[Collected material]

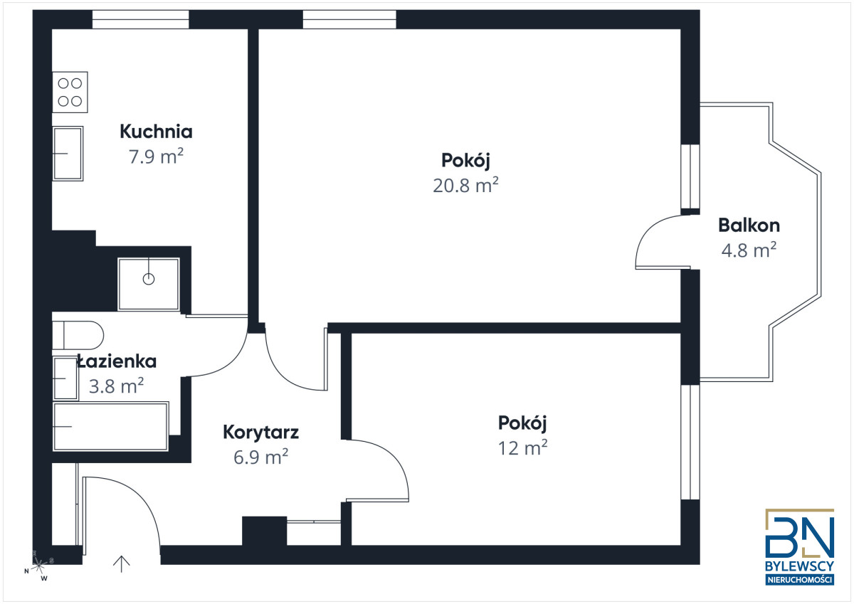 – dwa niezależne, ustawne pokoje oraz osobna, jasna kuchnia
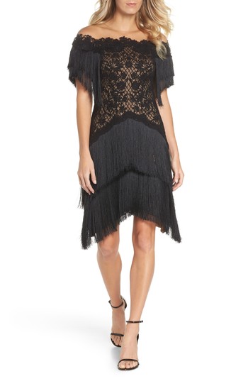 Tiers of swaying fringe lend head-turning movement to an exquisite, shoulder-baring cocktail dress perfect for twirling the night away. Style Name: Tadashi Shoji Off The Shoulder Fringe & Embroidered Mesh Dress. Style Number: 5611514. Available in stores.
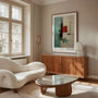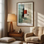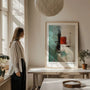 Ten plakat inspirowany Markiem Rothko pokazuje siłę prostoty. Duże turkusowe pole barwne zestawione jest z wyrazistym czerwonym akcentem, tworząc kontrast, który przyciąga wzrok, a jednocześnie pozostaje harmonijny i spokojny.
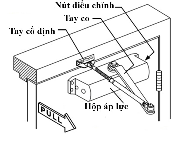- Cửa quá nhẹ, dưới 25kg không nên lắp tay co. Tránh hỏng cửa.

[/Collected material]

What to do :: When you restate the listing, keep every word as it is and drop the pictures.

Response area ::
 – dwa niezależne, ustawne pokoje oraz osobna, jasna kuchnia
 Tiers of swaying fringe lend head-turning movement to an exquisite, shoulder-baring cocktail dress perfect for twirling the night away. Style Name: Tadashi Shoji Off The Shoulder Fringe & Embroidered Mesh Dress. Style Number: 5611514. Available in stores.
 Ten plakat inspirowany Markiem Rothko pokazuje siłę prostoty. Duże turkusowe pole barwne zestawione jest z wyrazistym czerwonym akcentem, tworząc kontrast, który przyciąga wzrok, a jednocześnie pozostaje harmonijny i spokojny.
- Cửa quá nhẹ, dưới 25kg không nên lắp tay co. Tránh hỏng cửa.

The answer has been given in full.